Recently, there has been a bit of a commotion regarding hackers gaining access to valid SSL and code signing certificates. First there was the stuxnet worm, that was signed with actual certificates stolen from Realtek and JMicron. Then there was comodo-gate. The most recent, and most serious incident happened at dutch company diginotar, and resulted in an (as of yet) unknown number of certificates being issued for unknown sites to unknown parties.
As reporters start to catch on to the magnitude of the diginotar case, and begin to understand the trust implications of a compromised root Certificate Authority, the conversation takes a turn toward gloom and despair. In this post I will offer an alternative reading that strongly suggest that hackers attacking certificates and certificate authorities is actually a huge step forward for security and privacy on the internet.
Back in the dark days of the internet, only a very small number of web-sites insisted on secure communications using encryption and certificates. These were usually sites that handled financial transactions, and the use of encryption and certificates was borne not so much out of a desire to protect the privacy of the user, but out of regulatory compliance and insurance issues.
A man-in-the-middle attack, where someone lures internet users to a fake version of a prominent website, then relays traffic to the real website while monitoring the exchange, was reasonably easy to pull off in the dark days of the internet, especially for state actors that can pressure internet service providers into manipulating a user's internet connection. As a hacker you did not have to deal with encryption and certificates to get your grubby little hands on people's personal data. But then everything changed.
In October 2010 Eric Butler released a Firefox extension called Firesheep, a user friendly point-and-click tool that, using well-known properties of wireless networks, allowed even the least sophisticated of users to hijack other user's Facebook sessions. The security community was not impressed. They had known about these vulnerabilities for years. The only real solution -- commenters wearily pointed out, as they had many times before -- was end-to-end encryption using SSL certificates. But that was never going to happen.
As usual, the security community got the facts right, but the sociology wrong. The mere existence of Firesheep changed the game completely. Session hijacking was no longer a a "purely theoretical" threat, something that pimply misfit nerds did by chanting dark incantations at a wireshark window. Every jock with a laptop could do it. Social networks and other sites scrambled over each other in a rush to deploy, and in some cases even to mandate, SSL encryption. Firesheep did more for the adoption of end-to-end encryption in a week, than security researchers had done in two decades.
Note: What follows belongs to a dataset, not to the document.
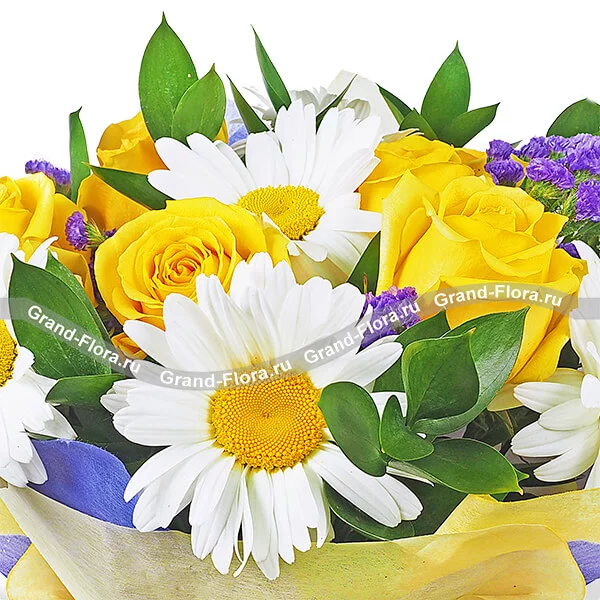 ЛЮКС: ромашка белая - 11 шт, роза желтая - 10 шт, статица - 5 шт, рускус, фетр желтый, бант фиолетовый.

In the post-firesheep world, connections are increasingly protected with SSL encryption, and users have trained themselves to make sure the SSL certificate is valid. The only way a man-in-the-middle attack can take place is if the attacker has access to a fraudulent certificate for the web site in question. In order to attack a site that uses SSL encryption, the hacker must subvert a critical piece of internet infrastructure.
Security news has lately been dominated by compromises of certificates and even certificate authorities.
Given the key position of these entities in modern internet security, this is clearly a very bad thing. The diginotar affair in particular is inexcusable. Certificate issuers need to get their security act together to make sure hackers cannot steal certificates or issue rogue ones. They must operate in a transparent manner, disclose breaches in a timely manner and revoke compromised certificates, or even suspect certificates, immediately. They must act in accordance with the trust they are given, and the extortionate fees they are paid.
The bottom line however, is that it is easier to protect a handful of root certification authorities from compromise than tens of thousands of individual internet sites from man-in-the-middle attacks. By performing widespread deployment of end-to-end encryption with SSL we are closing off thousands of potential back doors and forcing the hackers to attack the most hardened part of the internet security apparatus head on.